I think it rips out VAR_DECLS which aren't used too from the variable
lists. Not sure what else it does now.
> > Thats not going to change the number of temporaries. None of the copies
> > inserted create new temporaries unless there is a cycle, and you cant
> > avoid creating one in that case.
>
> The point is that we *want* to create temporary registers so unless
> there is good reason to do so, we don't want single register to be set
> two times. That confuses RTL.
>
Setting a single register more than once confuses RTL? Im not sure I
follow. That would imply RTL is SSA :-)
The register allocator ought to be smart enough to tell when two
disjoint live ranges use the same register, and rename one of the
registers to something else to allow them to prevent artifical
interferences. Thats pretty standard register allocation machinery. Vlad
has this code a while ago, but it made something in SPEC worse so he
never followed up on it.
> > I have some ongoing work in SSA->normal which remove all temporaries
> > which are used only once. This reduces the number of temporaries
> > significantly. In many cases, the object footprint generated is even 10%
> > smaller.
>
> You mean that it will re-insert the expression back into the form
> (basically undoing the gimplification?)
> Yes, that would help too.
Yes, the code coming out of SSA will no longer be GIMPLE.
> >
> > If live ranges are disjoint for the same variable, we ought to be using
> > Vlad's code which splits disjoint live range on registers. He has it,
> > but hasnt submitted it for mainline because it wasn't doing enough good.
>
> webizer split's the disjoint live ranges too. That is what I did.
> It is, however, unnecesary to do so since we can do it for free while
> going out of SSA.
> Of course in case we end up with SSA, I will just propose patch to run
> limited webizer when optimizing early in the queue.
I think register allocation is the right place to be splitting disjoint
live ranges.
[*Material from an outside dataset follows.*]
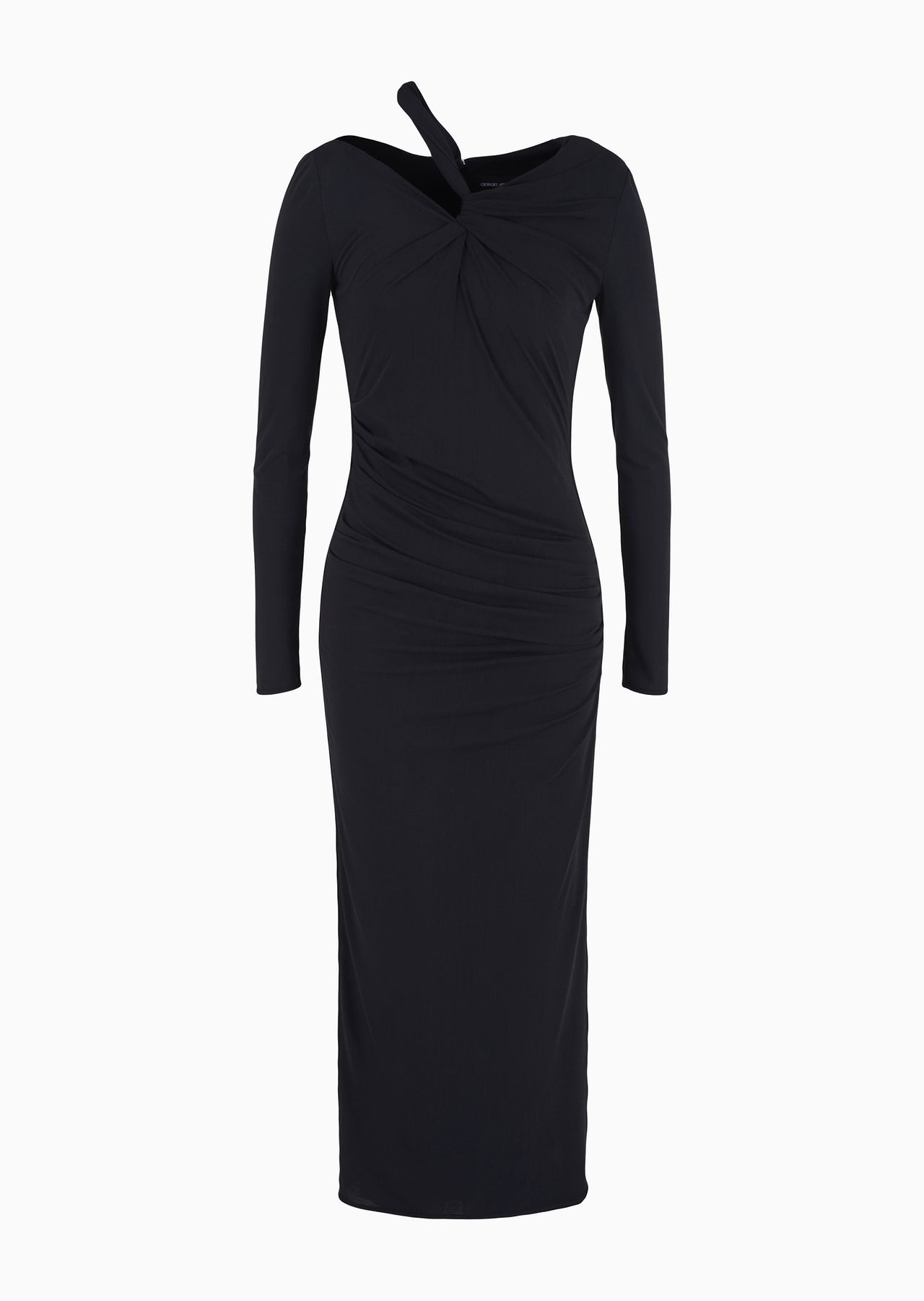 Sleek, refined midi dress, featuring a slim fit that accents and enhances the silhouette. The style is embellished with a neckline with a draped, cut-out detail and gathering at the sides. This sophisticated style can be worn for day or evening looks, simply by changing accessories. Product Code: 3DAA52AJJEZ1U8SL Details Composition 94% Cupro 6% Elastane Crossover neckline with draped detail Long sleeves Sewn side tape detail Gathering at the sides Back central zip fastening Length: 124 cm Made in Italy Fitting The model is 178 cm tall and is wearing size 38/S

I've worked on other compilers where the backend *tries* to
do exactly what gimplification does, provide a canonical definition for
a register. (In fact, it had a seperate pass to re-canonicalize the code
part way through). Then the register allocator sorts it out to make sure
there are no artifical conflicts. I dont see why other optimizations
should be confused by this behaviour... I presume we do get confused
somewhere tho or you wouldn't have brought it up :-). Where do we get
confused?
> > So you would assign every SSA_NAME variable a unique register, and
> > generate rtl directly? You would still have to attempt to coalesce any
>
> Kind of. The out-of-SSA pass works by first deciding how to match
> SSA_NAMES to variables and then do the rewriting.
> We can do the second part easilly without rewriting during expansion
> time and in addition we can manage thinks in a way so we don't need to
> invent new DECL_NODEs for temporaries saving some overhead.
> Not sure.
Wll, SSA->normal introduces few new VAR_DECL nodes. Only when 2 SSA
versions overlap do we get a new one, and its pretty goopd at producing
a minimal number of them. It will try to coalesce as many as possible
with the original variable. If we need a new variable, it tries to
coalesce as many of the remaininig versions as possible with the new
variable. That usually gets them all when there is overlap.
And yes, mapping SSA_NAMes to registers wouldn't be difficult in
expansion, as long as SSA->normal makes sure that all the unsafe stuff
has been taken care of already. I need to thikn about the ramifications
of that more. There are some nice properties to it on the surface at
least.
>
> We can insert the copies in RTL form already, so we save some extra
> trees.
yeah, but I dont think thats causing our highwater memory marks either.
We probably ought to be doing a garbage collection after we generate RTL
for each function tho. Maybe :-)
> >
> > Anyway, we'll see what kind of results I get with the temporary
> > elimination in SSA->normal that Im testing now. Its not a lot of code,
> > and is performed during the SSA->normal rewrite phase.
>
> OK, lets wait with this until the code is more stabilized and
> benchmarked. THen we will likely know how much burden the de-ssa pass
> is.
I had a run last night I wasnt too pleased with (bzip was much *slower*
for some reason), but my compiler was a little bit broken. Im doing more
runs today. I just ran crafty on my 1.8 Ghz x86, and it drops from 3.52
minutes to 3.34 minutes. That was the testcase that triggered me
looking into this.
Anyway, More results when I get them.
Andrew